New Cages to Trap Molecules Push Boundaries of Protein Design
- Melissa Miller
- Cynthia Dillon - firstname.lastname@example.org
- Melissa Miller
Protein design is a popular and rapidly growing field, with scientists engineering novel protein cages—capsule-like nanostructures for purposes such as gene therapy and targeted drug delivery. Many of these structures fashioned in the lab, while perhaps aesthetically pleasing to chemists, have holes too big to trap a target molecule or don’t open on command, limiting their functional scope.

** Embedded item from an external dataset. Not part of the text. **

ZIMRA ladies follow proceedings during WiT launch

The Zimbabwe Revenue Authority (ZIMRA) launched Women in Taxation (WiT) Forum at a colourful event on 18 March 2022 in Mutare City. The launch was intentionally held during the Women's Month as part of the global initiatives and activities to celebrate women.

But new research findings, by UC San Diego Professor of Chemistry and Biochemistry Akif Tezcan, offer a protein architecture with small holes—“pores” in chemistry jargon. The findings, published in Nature, push the boundaries of synthetic protein design past what is considered state-of-the-art.
“If molecules can freely go back and forth through these holes, you’re not going to be able to store little things on the inside,” explained Tezcan. “Protein cages that people have designed before have the right shape and symmetry, but they’re mostly like Wiffle balls—they don’t necessarily isolate the interior from the exterior.”
By tailoring the surface of small protein building blocks with multiple metal-binding sites, Tezcan’s team developed a new protein cage with small pores that trap molecules securely inside.
Additionally, the new structure can be opened via chemical, thermal or redox (transfer of electrons between a set of atoms, molecules or ions with the same chemical formula) reactions. According to Tezcan, the UC San Diego research team was ideally situated to create the new protein cage design with its inorganic chemistry insights—specifically metal coordination chemistry, which made the difference.
“In evaluating our designs, we discovered that one resulted in the formation of a six-protein cage instead of the 12-protein cage we were expecting,” said Golub. “This result was especially important for the project because it demonstrated an adaptability that permitted different types of cage symmetries using the same design scaffold.”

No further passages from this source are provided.